Your test result is available to access for 72 hours.
If you* wish to use the Corona Warn App ("App") of the Robert Koch Institute ("RKI") to retrieve your test result of an antigen test, in order to retrieve your test result via the App, it is necessary that your test result is transmitted from the testing centre to the server system of the RKI.
In short, this is done by the testing centre storing your test result, linked to a machine-readable code, on a server of the RKI designated for this purpose. The code is your pseudonym; no further personal information is required to display the test result in the app. However, you can personalise the display of the test result by entering your name, first name and date of birth.
The code is formed from the scheduled time of the test and a random number. The code is formed by combining the aforementioned data in such a way that it is no longer possible to calculate back the data from the code.
You will receive a copy of the code in the form of a QR code that can be read into the app using the camera function of your smartphone. Alternatively, you can also receive the pseudonymous code as an internet link ("App Link"), which can be opened and processed by the app. This is the only way to link the test result with your app. With your consent, you can then retrieve your test result using the app. Your test result is automatically deleted from the server after 21 days. If you agree to the transmission of your pseudonymous test result by means of the code to the app infrastructure for the purpose of test retrieval, please confirm this to the staff of the testing centre. You can revoke your consent at any time with effect for the future. Please note, however, that due to the existing pseudonymisation, an assignment to your person cannot take place and therefore a deletion of your data will only take place automatically after the 21-day storage period has expired. You can also find details on this in the "Data protection information" of the Corona warning app of the RKI.
*If you are under 16 years of age, please discuss the use of the app with your parents or legal guardian.
Support regarding the booking of appointments is handled via our ticketing service provider ticket.io, with whom we have entered into a contract for order processing.
When establishing contact (e.g. via the contact form or email), personal data is collected. The types of data collected when using the contact form can be seen in the corresponding contact form. This data is stored and used exclusively for the purpose of answering your enquiry or for establishing contact as well as the associated technical administration. The legal basis for processing the data is our legitimate interest in answering your enquiry in accordance with Art. 6 (1f) GDPR. Your data is deleted after your enquiry has been conclusively resolved. This is the case when the circumstances indicate that the relevant subject matter has been fully clarified and where no statutory retention periods preclude deletion. Ticket.io uses the technical service provider ZOHO DESK for customer support: https://desk.zoho.eu/portal/tiosupport/de/home .

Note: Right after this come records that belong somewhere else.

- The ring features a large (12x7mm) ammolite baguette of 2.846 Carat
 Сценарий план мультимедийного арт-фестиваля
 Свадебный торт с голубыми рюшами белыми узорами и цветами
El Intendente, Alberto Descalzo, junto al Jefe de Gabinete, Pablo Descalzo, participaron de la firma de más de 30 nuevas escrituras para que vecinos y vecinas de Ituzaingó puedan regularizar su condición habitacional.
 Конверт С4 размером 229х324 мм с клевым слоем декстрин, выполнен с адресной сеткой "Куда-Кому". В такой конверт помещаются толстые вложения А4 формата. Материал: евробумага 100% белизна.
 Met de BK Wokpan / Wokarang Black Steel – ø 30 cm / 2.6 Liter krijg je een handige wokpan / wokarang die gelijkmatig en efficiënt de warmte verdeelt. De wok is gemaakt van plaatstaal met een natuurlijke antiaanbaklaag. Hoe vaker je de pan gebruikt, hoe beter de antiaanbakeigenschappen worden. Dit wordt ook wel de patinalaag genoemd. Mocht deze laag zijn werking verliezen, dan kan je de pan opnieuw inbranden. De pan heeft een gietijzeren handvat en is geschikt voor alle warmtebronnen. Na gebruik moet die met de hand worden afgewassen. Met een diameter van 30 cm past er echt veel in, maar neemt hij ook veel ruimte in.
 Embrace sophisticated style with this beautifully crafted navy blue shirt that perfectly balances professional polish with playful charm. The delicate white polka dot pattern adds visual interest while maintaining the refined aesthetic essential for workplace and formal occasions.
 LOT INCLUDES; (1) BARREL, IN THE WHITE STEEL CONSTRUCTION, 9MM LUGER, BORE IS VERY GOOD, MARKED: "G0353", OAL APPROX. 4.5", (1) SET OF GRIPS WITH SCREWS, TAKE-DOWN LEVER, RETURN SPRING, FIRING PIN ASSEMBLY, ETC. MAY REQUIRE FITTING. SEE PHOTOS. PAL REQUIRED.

The data processed by cookies, necessary for the proper functioning of the website, is required to maintain our legitimate interest and the interests of third parties in accordance with Art. 6 (1f) GDPR.
Insofar as this has not been previously mentioned, as a rule personal data is not shared with third parties. However, we may avail ourselves of service providers – such as the processors already mentioned. As a result, it may be the case that a service provider obtains knowledge of personal data.

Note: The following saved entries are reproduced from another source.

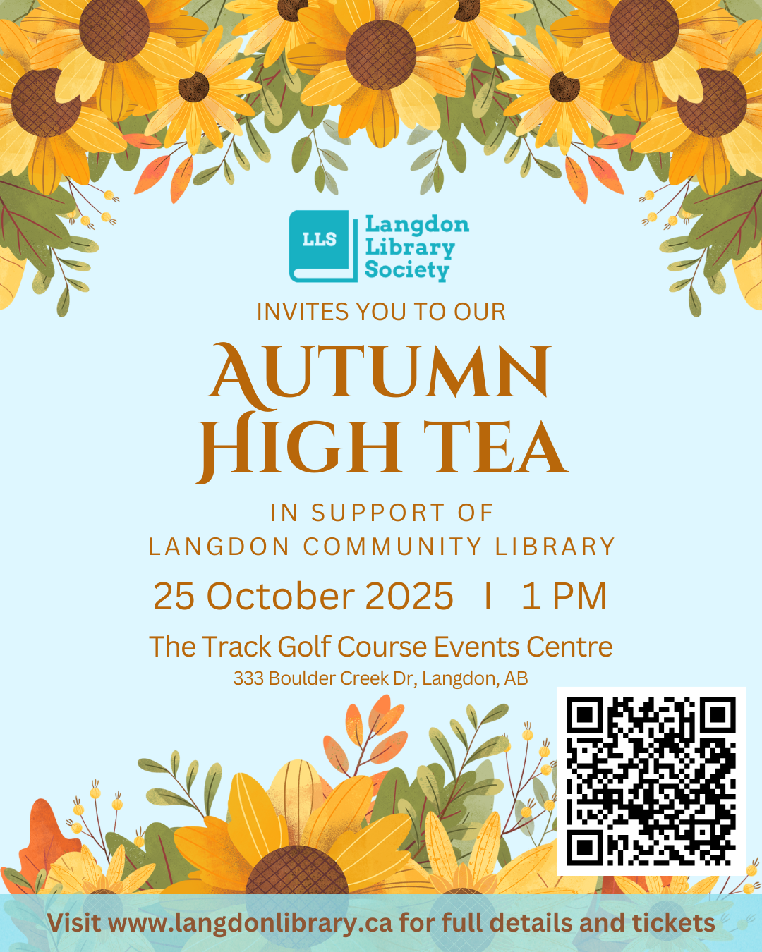 Langdon, AB – September 9, 2025 — The Langdon Library Society warmly invites community members to a charming and elegant Autumn High Tea Fundraiser in support of the Langdon Community Library.
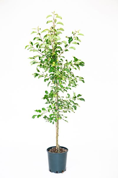 Ideal for patio tubs and smaller spaces as it produces a true mini tree. Height is no more than 2 metres with little support required. Heavy cropping fruit trees may need a permanent stake. Fruiting begins in the first year. Very little pruning needed.
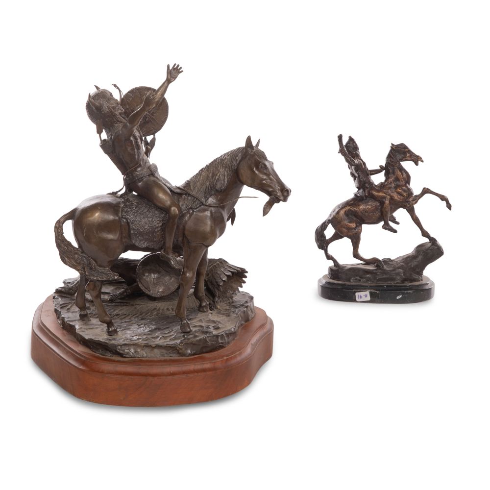 (2) total items including an undated, signed and titled on bottom front edge, mounted on a wood base; together with “Scalp”, a bronze sculpture on marble base after Frederic Remington
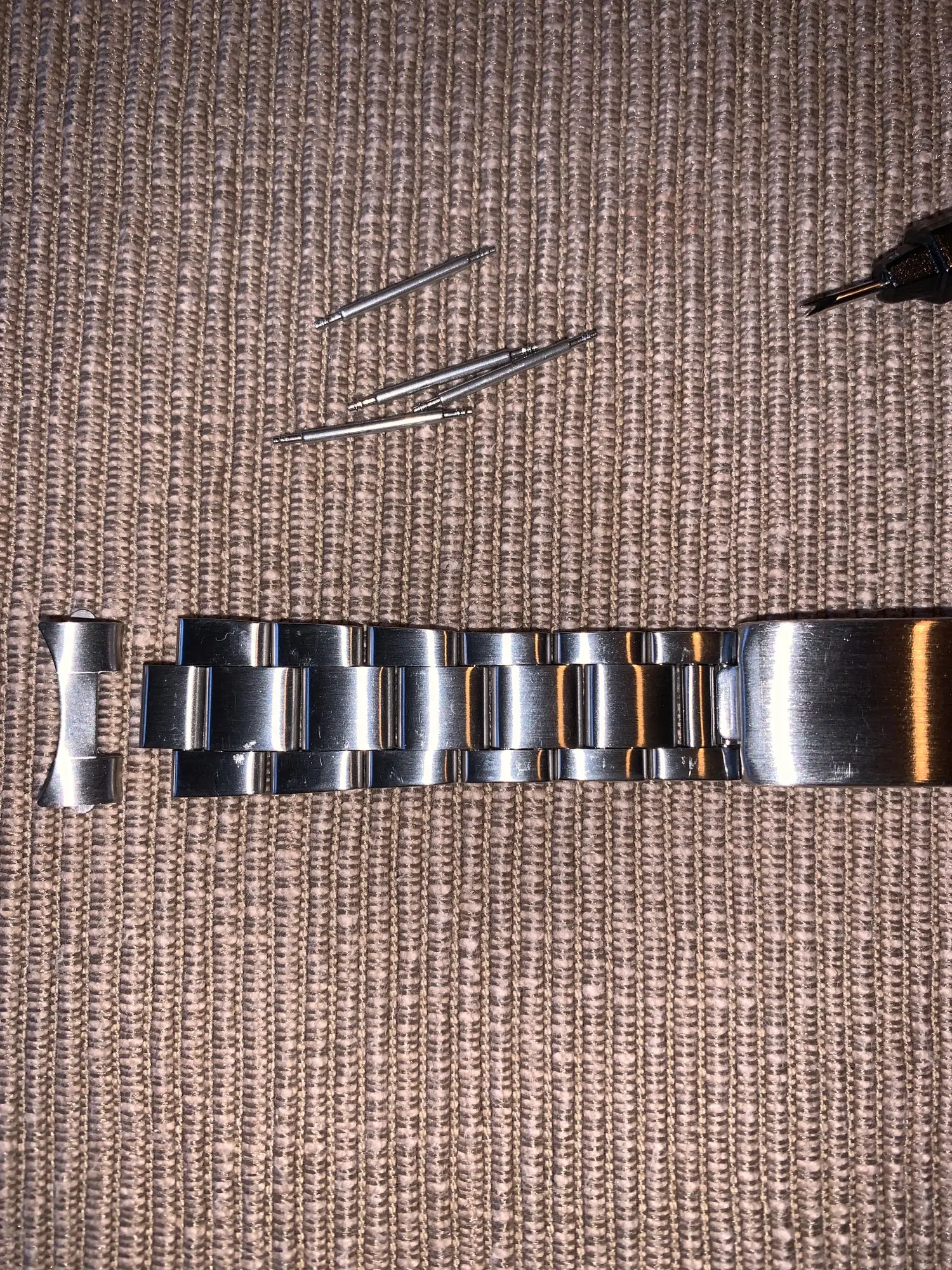 После распаковки пластика, ремешок имеет некоторые существующие повреждения. Самая большая проблема для меня, она не подходит для моего Ролекс 6694,19 мм, пробовал более часа, вывод ее невозможно получить шпильки внутри отверстий, потому что они не находятся достаточно близко к отверстиям. Несколько человек примерили это.
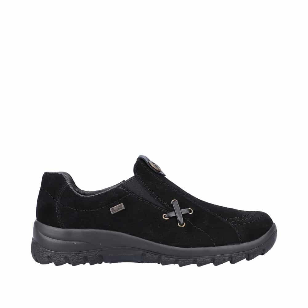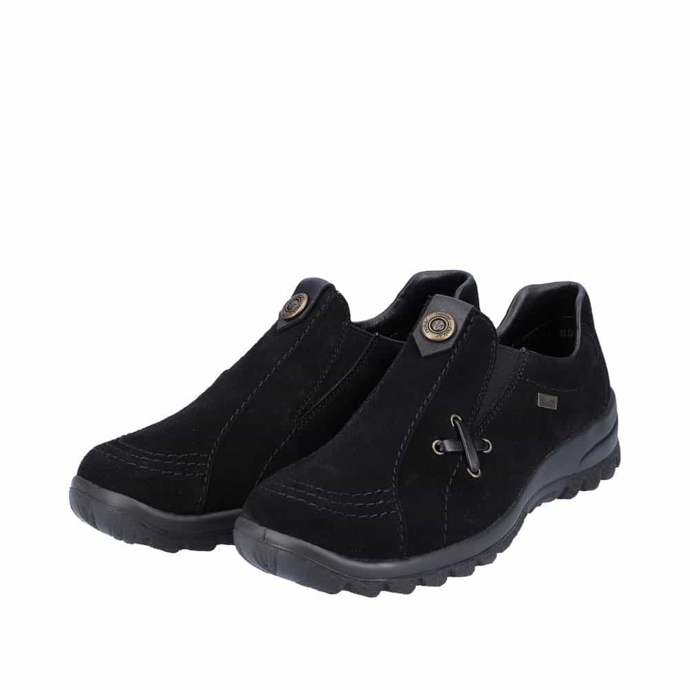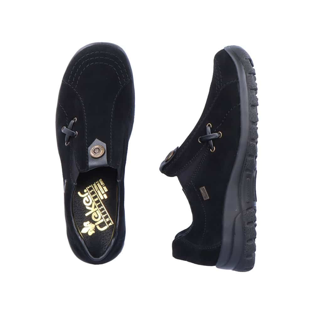 Predstavljamo vam cipelu koja je prisutna u Rieker kolekciji već nekoliko sezona i koja je stekla povjerenje žena na način da se kupuju po dva para kako bi imali u ormaru i rezervu. Po čemu je prepoznata: kožna cipela s tex membranom koja vas štiti od svake kiše, snijega, obuvaju je sve širine stopala, obuvanje je poput mokasine s gumicama sa strane kako bi vam noga lakše ušla u cipelu, džon je gumiran i stabilan i za kliske površine.
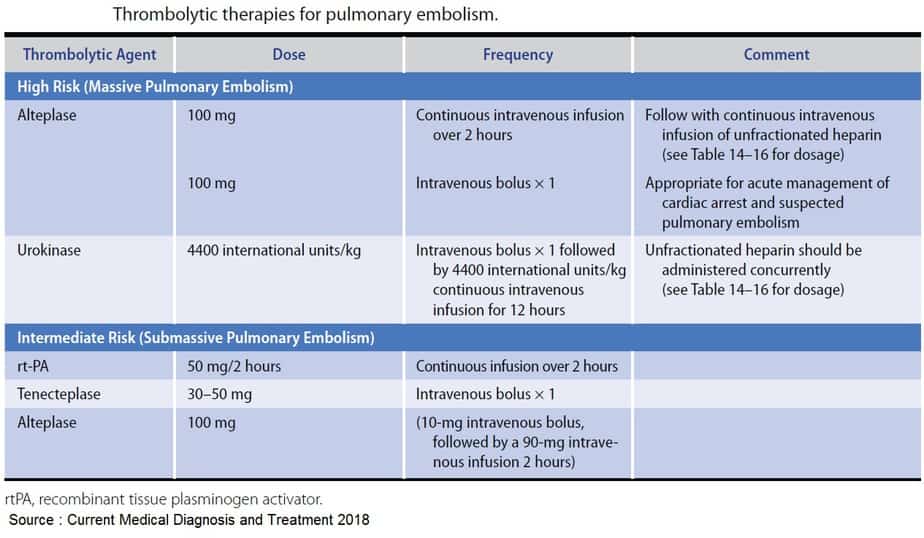 The FDA-recommended infusion dose is for alteplase at 100 mg as a continuous infusion over 2 hours while withholding anticoagulation during the 2-hour infusion period. For this reason, when massive PE is suspected, anticoagulants with prolonged half-lives (such as low molecular weight heparin) should be avoided.

We only process data in the European Union.
You have the right to receive information about the personal data we process with respect to your personal identity. Moreover, you have the right to demand the rectification or erasure of the data or the restriction of processing, provided you are entitled to these rights by law.
Furthermore, you have a right to object to processing in accordance with statutory provisions. The same applies to the right to data portability.
In particular, you have a right to object in accordance with Art. 21 (1) and (2) GDPR to the processing of your data if this occurs on the basis of a balance of interests.
Lastly, you have the right to lodge a complaint with a supervisory authority responsible for data protection.